Exercise objective: Exactly and only the lines below from the one containing "Una tarjeta de" down to the one containing "Elegante fruta - Juego" are wanted, both included; please exclude every picture.

Input data:
__________

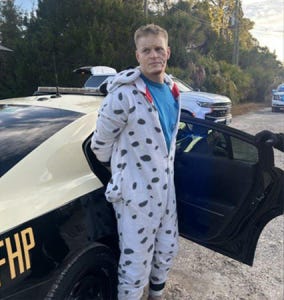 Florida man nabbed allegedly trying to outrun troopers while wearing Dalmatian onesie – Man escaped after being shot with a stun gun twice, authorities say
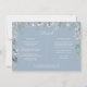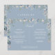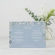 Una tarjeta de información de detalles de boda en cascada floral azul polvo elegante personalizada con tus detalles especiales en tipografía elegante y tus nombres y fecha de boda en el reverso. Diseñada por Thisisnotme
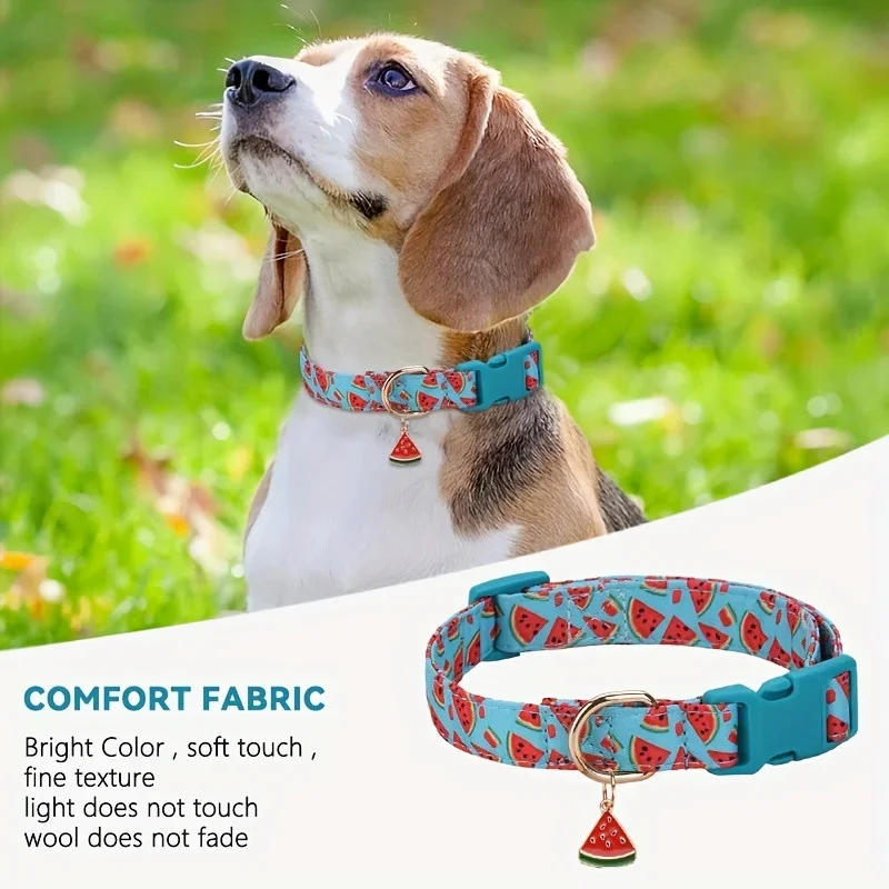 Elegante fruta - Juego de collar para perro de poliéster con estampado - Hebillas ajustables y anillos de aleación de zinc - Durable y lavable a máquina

__________

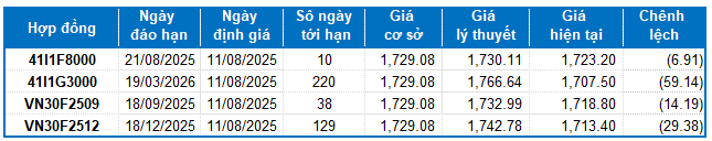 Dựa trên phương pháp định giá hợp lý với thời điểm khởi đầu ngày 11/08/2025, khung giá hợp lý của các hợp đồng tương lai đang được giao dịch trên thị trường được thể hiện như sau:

__________

Output of the exercise:
 Una tarjeta de información de detalles de boda en cascada floral azul polvo elegante personalizada con tus detalles especiales en tipografía elegante y tus nombres y fecha de boda en el reverso. Diseñada por Thisisnotme
 Elegante fruta - Juego de collar para perro de poliéster con estampado - Hebillas ajustables y anillos de aleación de zinc - Durable y lavable a máquina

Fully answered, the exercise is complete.